OPA1 has been involved in mtDNA maintenance in skeletal muscle (Amati-Bonneau et al. 2008; Elachouri et al. 2011). We showed that in Opa1+/− mice, fast skeletal muscle mtDNA content was slightly lower than in Opa1+/+ mice. mtDNA content increased in control mice after training but not in Opa1+/− mice. On the other hand, neither COX activity nor expression of the mtDNA encoded COX subunit (COXI) was altered in sedentary animals, suggesting that the small decrease in mtDNA content was not sufficient to affect mitochondrial protein expression.

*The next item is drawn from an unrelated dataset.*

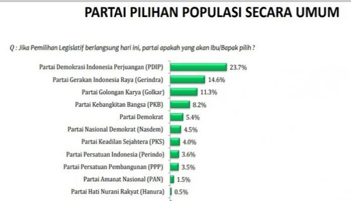 PDIP menjadi parpol yang terbanyak dipilih dengan elektabilitas 23,7%. Menyusul dibelakangnya ada Gerindra yang mendapat 14,6% dukungan.

At the level of mitochondrial enzymes, exercise training induced a more than 50% increase in CS and COX activities in fast but not in slow muscles, but the effects were different in the two mouse strains. Indeed, CS and COX activities, as well as respiratory chain complexes, CS and OPA1 protein content increased less in fast muscles of Opa1+/− mice despite a similar increase in mRNA levels, suggesting a defective mitochondrial biogenesis process a step beyond transcription, or an alteration in the mitochondrial protein import process. Because OPA1 plays an important role in the fusion–fission mechanisms that are involved in the morphological remodelling of mitochondria during biogenesis, a defect in this process may lead to altered mitochondrial structure and mitochondrial protein degradation.
Surprisingly initially, electron microscopic examination of the fast skeletal muscle revealed mitochondria with irregular sizes, especially after training, and a significant increase in mean mitochondrial size in Opa1+/− mice which was exacerbated after training. This observation is reminiscent of cardiac cells, in which OPA1 deficiency also led to the accumulation of larger mitochondria with multiple inner membranes (Piquereau et al. 2012). It is also consistent with other studies showing that while Mfn2 knock-out mice exhibit mitochondrial fragmentation in neonatal cardiomyocytes, the opposite result, i.e. larger mitochondria, was observed in adult myocardium (Papanicolaou et al. 2011). It was thus proposed that, in the constrained environment of striated muscle, a deficit in OPA1 caused by impairing fusion of inner mitochondrial membranes, would compromise further fission mechanisms. Some mitochondria were devoid of cristae and matrix and this was accompanied by formation of irregular vacuoles, suggesting mitochondrial damage. It has already been shown that OPA1-null cells have severe ultrastructural defects in the mitochondria, including swollen mitochondria and defects in cristae organization, such as concentric inner membranes, which were attributed to the role of OPA1 in cristae maintenance (Olichon et al. 2003; Song et al. 2009; Agier et al. 2012). Thus, OPA1 deficiency could impair the normal process of mitochondrial fission during biogenesis and induce defective mitochondria leading to the release of mitochondrial proteins and their degradation. Therefore, for adequate mitochondrial biogenesis to occur, both correct activation of signalling pathways at transcriptional level and optimal remodelling of mitochondria are required. A deficiency of mitochondrial dynamics proteins such as OPA1 can alter mitochondrial morphological remodelling and lead to incomplete mitochondrial biogenesis.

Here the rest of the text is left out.